Add to this the game’s peddling of gambling and NFTs, and the blasé presence of sportswashing (as excellently unpacked by James Saunders in his column Saunderisms), and you’ve got a wholly unappealing environment in which to enjoy your pastime.
For a decent human to be in position of prominence is a balm to the rash that is so much of football. Postecoglou’s handling of Richarlison’s mental health issues was immaculate and – surprise, surprise – actually aided the player’s on pitch performance.
And, if you’re not warmed to the core by this video of Big Ange answering a young fan’s question at a recent forum, then I recommend falling off a boat in deep water. Just look at the hugs, man!
Big Ange being at Spurs is great for them, but it’s also a good for us all. We all need many more like him.
My second reason is inextricably linked to being an unbearable football idealist, and a sporting romantic. Yes, I listen to Stadio, and I read Mundial, and a half-finished copy of Futebol lies on my bedside table.
It’s the prism through which I consume my sport; I see it as an expression of physical prowess and mental dexterity; it is clashing ideology, and a battle with chance; it is contemporary history, it is human nature.
I romanticise football, moulding the chaos into some grand narrative. This image is shattered when my team’s eternal rivals are intermittently managed by Ryan Mason.
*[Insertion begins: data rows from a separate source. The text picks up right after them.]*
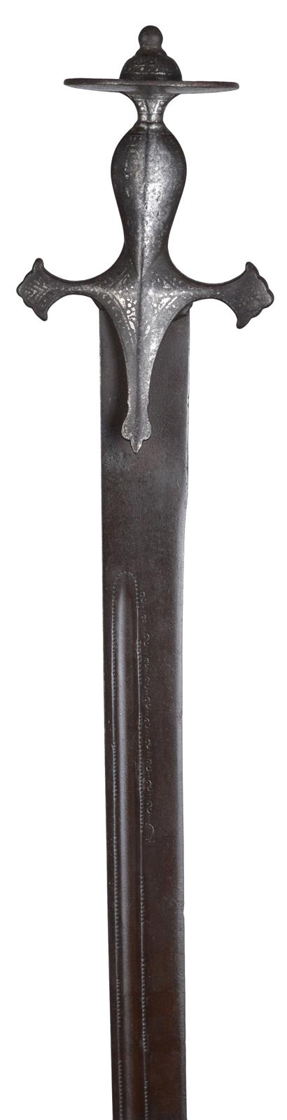 An Indian sword (sosun pata), single edged blade 29 in., with slight forward curve, fullers accentuated by borders of punched dots, etched with a botanical motif to a cartouch; steel hilt with silver koftgari decoration, flaring quillons, disc pommel with dome terminal.
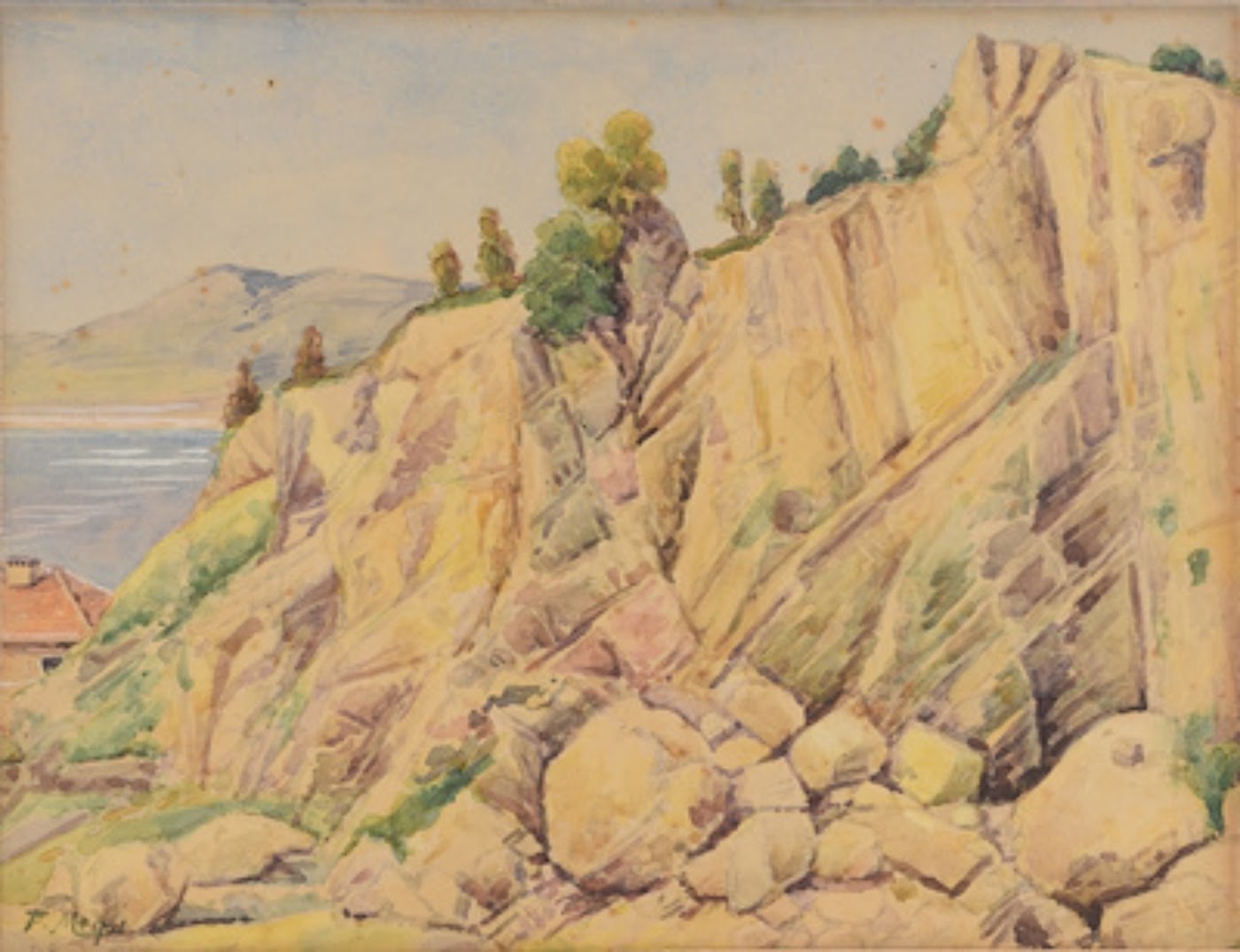 Fuad (Fuat) Mensi Dileksiz 1880-1965, Kayalıklar, Kağıt Üzerine Yağlıboya, 24X30 cm.
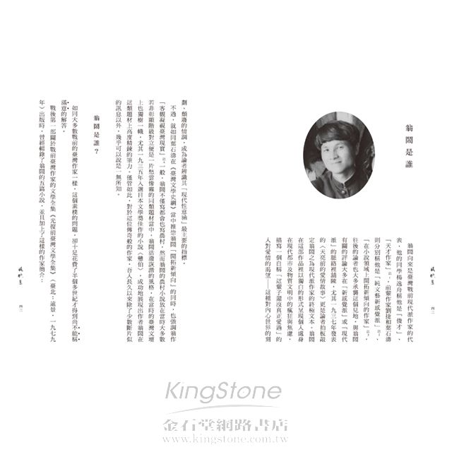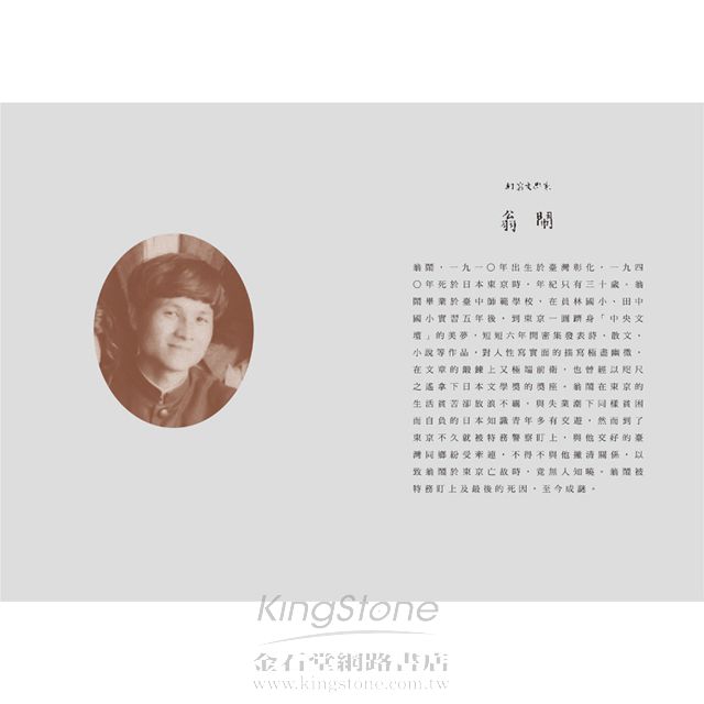 翁鬧,一九一○年生於臺灣彰化,一九四○年死於日本東京。他是臺灣新文學的先鋒者,一個早逝的天才,一個杜斯妥也夫斯基的追隨者,一個漫遊在現代迷霧中的孤獨靈魂。
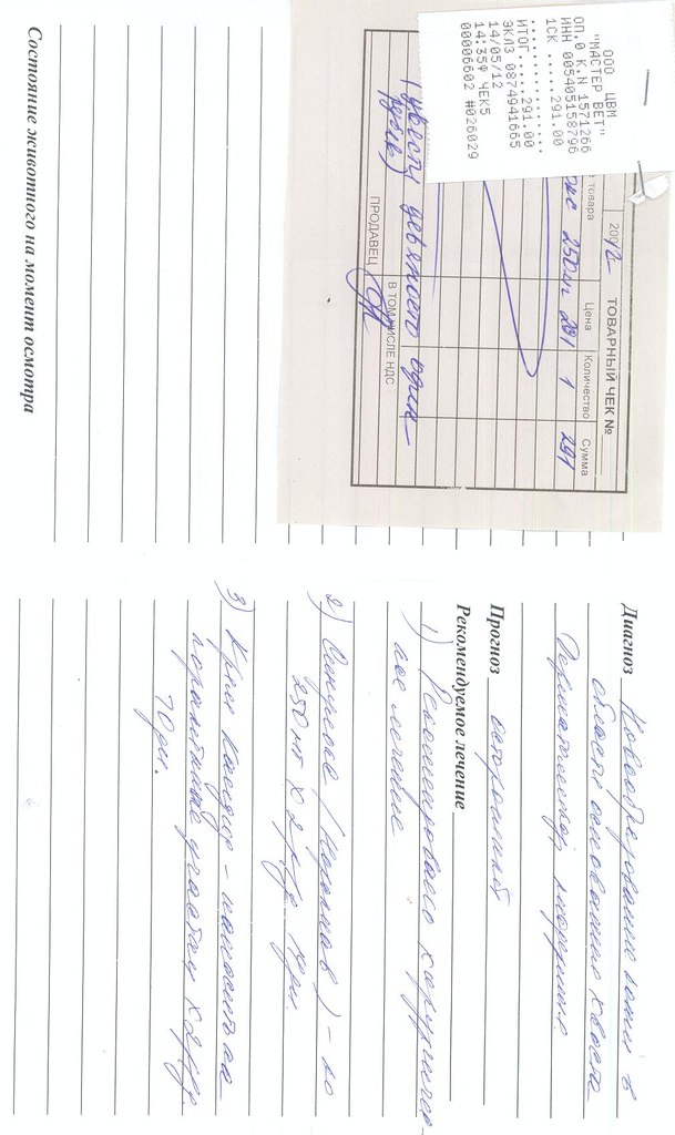 Нельсон покрылся коростами, тоже повезем в ЦВК. Еще у него на глазу появилось на больном какое то небольшое кровоизлияние.
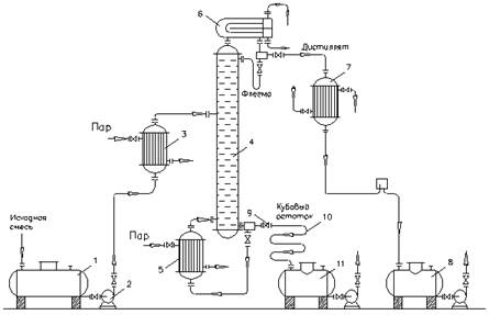 Из кубовой части колонны насосом-9 непрерывно выводится кубовая жидкость – продукт, обогащенный труднолетучим компонентом, который охлаждается в теплообменнике-10 и направляется в емкость-11.
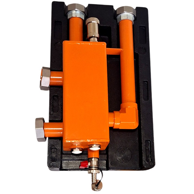 Hydraulische Weiche für Pumpengruppen und Pumpenbaugruppen, zur Zusammenarbeit mit Kesselverteilern. Leistung der hydraulischen Weiche bis 60 kW, ausgelegt für relativ kleine hydraulische Systeme. Sie fungiert gleichzeitig als hydraulische Weiche und als Schmutzabscheider, wobei abgesetzter Schmutz über ein Ablassventil entfernt werden kann.
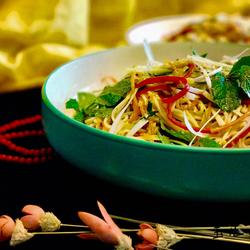 12.Put the noodles into a large container, add cucumber shreds, green onion shreds, and mint in order Leaves (you can leave them out if you don’t like them), shredded carrots and red peppers, minced garlic oil, chopped peanuts, sugar, light soy sauce, salt, balsamic vinegar (you can add chicken essence or MSG if you like).
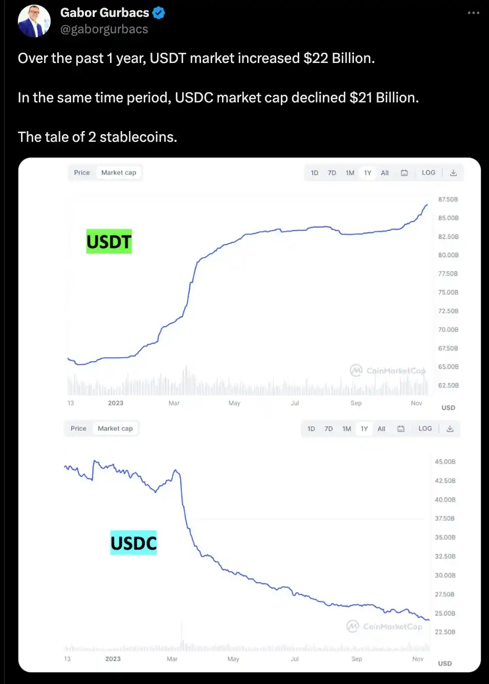 Tether 的主导地位找到了一个意想不到的盟友:托管 USDC(USDT 的主要竞争对手)账户的美国银行(硅谷银行等)的破产。
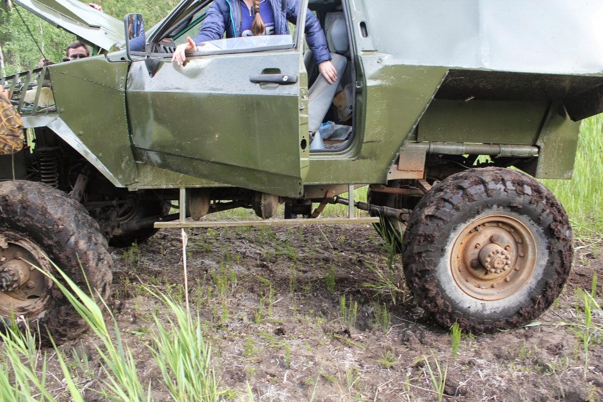 Дальше – ходовые испытания. Так как потенциал у машины явно был, но опыта управления подобными агрегатами не было, решили начать с малого – проверить «Зверя» на управляемость и ходовые качества. Но, как это часто случается, небольшое приключение превратилось в весёлое мероприятие. Итак, по порядку. Созвонились с товарищем Лёхой (Run), договорились о встрече. Выехал из дома – и сразу первая поломка: сорвался шланг и тосол брызнул во все стороны, я из машины вылетел быстрее, чем понял, что случилось. Соединил, долил воды, и в путь. Встретились с Лёхой и его товарищами на трёх подготовленных машинах и все вместе поехали в самую грязь. Подъехали к первой засаде. 3 дороги: одна прямо через лужу с торфом и 2 объездных. На вопрос «куда» – уверенный ответ: «Давай по прямой!» Страшно… А что делать? Врубаю понижайку и со второй передачи ныряю прямо в это болото, думал, всё, там и останемся. Какой там! «Зверь» прёт как танк, проехали как по асфальту. Проходимость у детища – просто зашкаливающая: три подготовленных для бездорожья машины просто не решились за нами ехать. А мы и дальше выбирали только самое месиво...
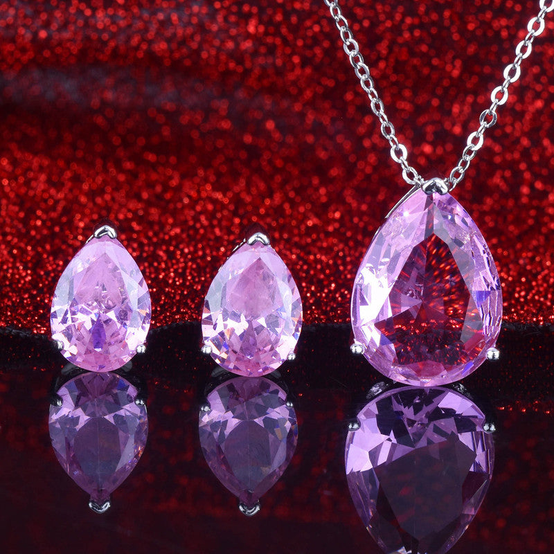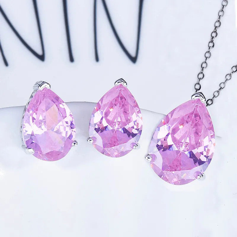 Designs & You Drop Pink Silver Plated Cubic Zirconia Studded Jewellery
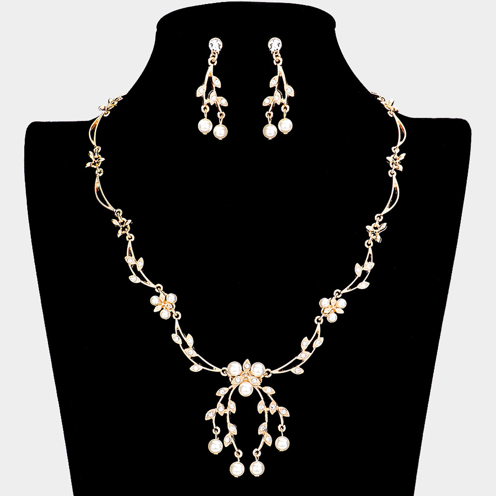 Rhinestone Paved Collar Necklace Clip on Earring Set

Spurs being terrible is like sticking your younger cousin in goal at the family barbecue. There is no glory in that triumph. But, with Postecoglou at the helm, there is something to strive against. He is Sisyphus’s boulder, and we Arsenal fans will smile as we roll him up the hill.
Therein lies the true majesty of sports; these lot are good, so we ’ave to be better. Then, win or lose, there’ll be a handshake and a tap on the bottom.
Many Gooners will scoff at this way of thinking, others will doubt my loyalty to the cause. Perhaps it’s the distance I have as a foreign fan, and the positive relationship with tribalism that it facilitates, but I believe it is more compelling to battle competence than incompetence.
And, if that means a good person is able to exert their influence on a game straying from any semblance of virtue, then all the better. So, good luck to you Ange, I wish you the best. Except for two hours on Sunday afternoon. I hope you get absolutely battered.